Work around for BN with small batch size

I have been trying to find a way to use a large batch size on limited GPU memory. Gradient accumulation is a good solution, and I am able to use a larger x2 or x4 batch size. See How to implement accumulated gradient? - #16 by sbelharbi

However, this is not true for BN as the mean and variance are still calculated for small batch size which can fit on the GPU, also pointed out by @ptrblck.

As a work around, I thought to implement a training setup that has two phases,

  • Phase One: a forward pass using a large batch (say 16), update the BN running mean/var as well as save the current mean/var from the batch of 16 images. Followed by clearing the gradients for the whole model (model.zero_grad()) | no backward pass.
  • Phase 2: splits the batch into two i.e. 2x 8 batch size, two accumulate gradients (backward pass), and a single optimization step.
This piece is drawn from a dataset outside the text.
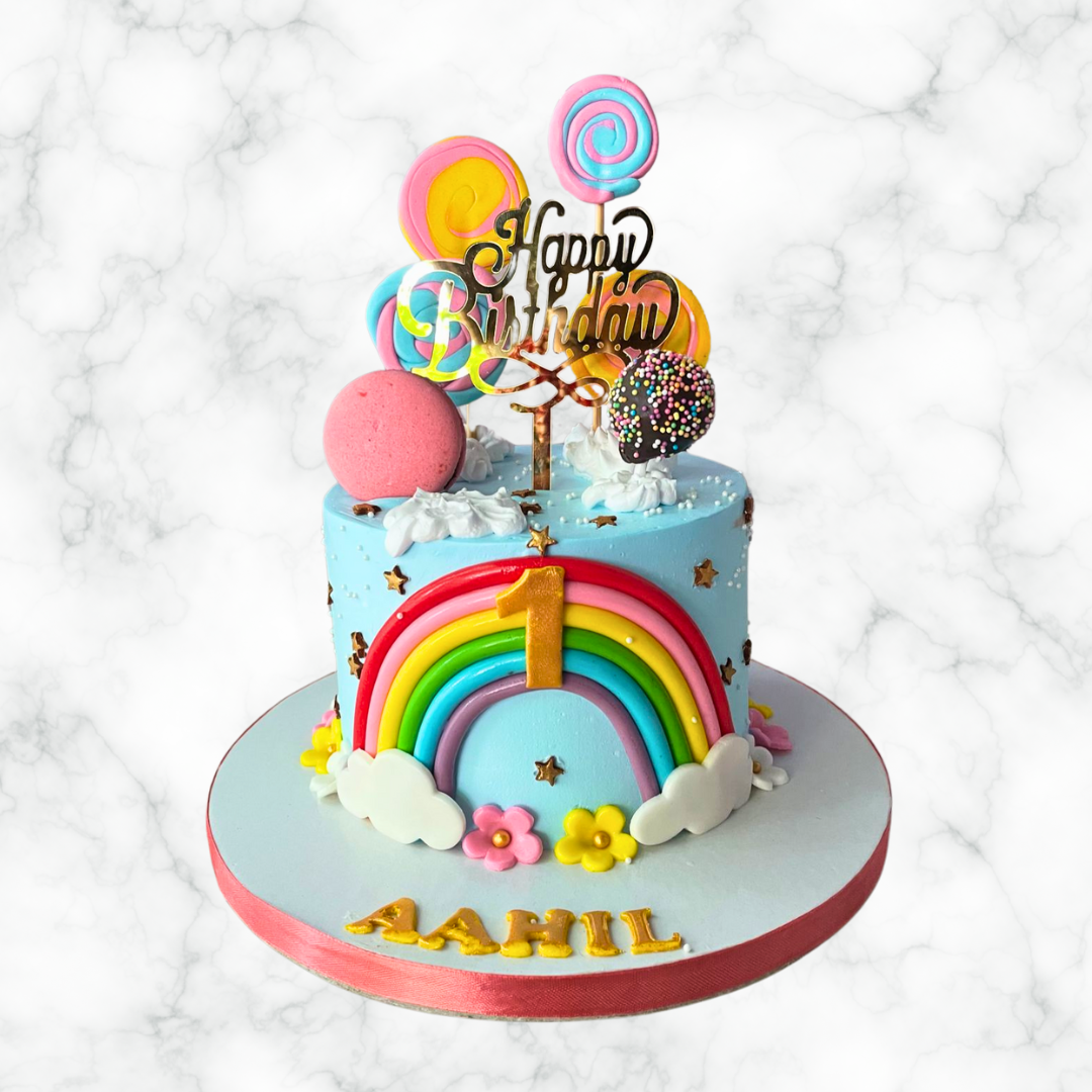 This vibrant cake is perfect for any celebration, from a birthday to a baby shower. It's a delicious and visually engaging centerpiece that guarantees to bring a smile to everyone's face with its explosion of color and delightful treats.

However, in this phase, the batch normalization does not update the running mean/var and also uses the mean/var for the batch size 16 that was saved in phase one.

However, this implementation results in much higher training loss, as well as lower validation metric (IOU).

The BN implementation

import torch
import torch.nn as nn

class CustomBatchNorm2d(nn.BatchNorm2d):
    def __init__(self, num_features, eps=1e-5, momentum=0.1,
                 affine=True, track_running_stats=True):
        super(CustomBatchNorm2d, self).__init__(
            num_features, eps, momentum, affine, track_running_stats)
        self.set_phase(phase=1)

        self.register_buffer('batch_mean', torch.zeros(num_features))
        self.register_buffer('batch_var', torch.ones(num_features))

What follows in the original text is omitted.